Given data –

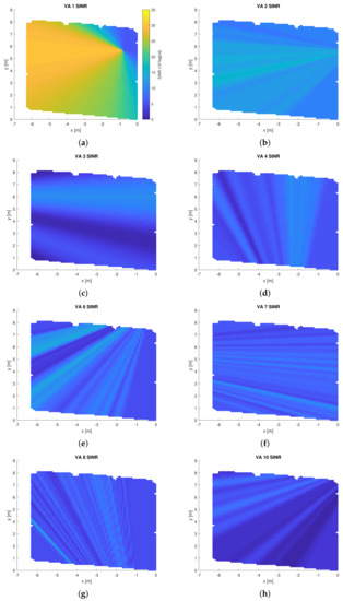 As shown in Figure 6f,g,i,k, for VA 7, 8, 11 and 13, the SINR is not as good as the first-order SMCs, but better than the other second-order SMCs shown in Figure 6h,j,l,m,n.
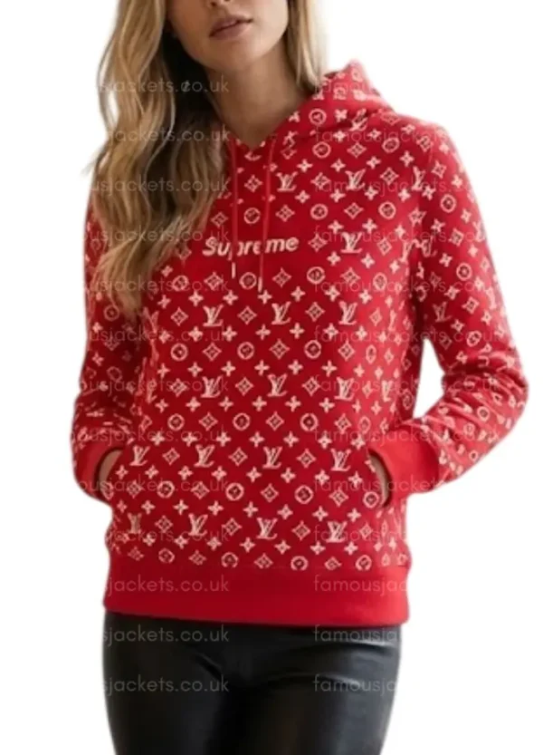Perfect mix of street and high fashion! Louis Vuitton elegance meets Supreme streetwear in this hoodie.
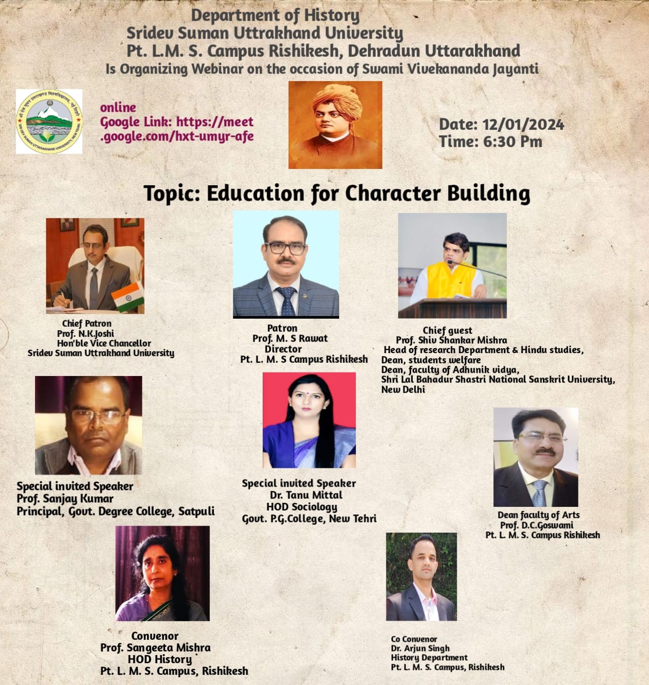 ऋषिकेश : श्री देव सुमन उत्तराखंड विश्वविद्यालय के पंडित ललित मोहन शर्मा कैंपस ऋषिकेश के इतिहास विभाग द्वारा स्वामी विवेकानंद जयंती के अवसर पर ऑनलाइन वेबीनार का आयोजन किया गया। वेबिनार का विषय “चरित्र निर्माण के लिए शिक्षा” था। वेबिनार का शुभारंभ ऋषिकेश कैंपस के निदेशक प्रोफेसर एम.एस. रावत ने किया। वेबीनार के संयोजक प्रो. संगीता मिश्रा एवम सह संयोजक डा. अर्जुन सिंह थे। प्रो. एम.एस. रावत ने वेबीनार के मुख्य अतिथि, मुख्य वक्ता एवं अन्य वक्ताओ का स्वागत किया। प्रो. संगीता मिश्रा ने स्वामी विवेकानंद जी के जीवन इतिहास के सार को बताते हुए सभी अतिथियों का स्वागत किया।

Task description – Restate word for word the lines beginning with the one that contains "Perfect mix of" and ending with the last line of the listing; pictures stay out.

Completed task –
Perfect mix of street and high fashion! Louis Vuitton elegance meets Supreme streetwear in this hoodie.
 ऋषिकेश : श्री देव सुमन उत्तराखंड विश्वविद्यालय के पंडित ललित मोहन शर्मा कैंपस ऋषिकेश के इतिहास विभाग द्वारा स्वामी विवेकानंद जयंती के अवसर पर ऑनलाइन वेबीनार का आयोजन किया गया। वेबिनार का विषय “चरित्र निर्माण के लिए शिक्षा” था। वेबिनार का शुभारंभ ऋषिकेश कैंपस के निदेशक प्रोफेसर एम.एस. रावत ने किया। वेबीनार के संयोजक प्रो. संगीता मिश्रा एवम सह संयोजक डा. अर्जुन सिंह थे। प्रो. एम.एस. रावत ने वेबीनार के मुख्य अतिथि, मुख्य वक्ता एवं अन्य वक्ताओ का स्वागत किया। प्रो. संगीता मिश्रा ने स्वामी विवेकानंद जी के जीवन इतिहास के सार को बताते हुए सभी अतिथियों का स्वागत किया।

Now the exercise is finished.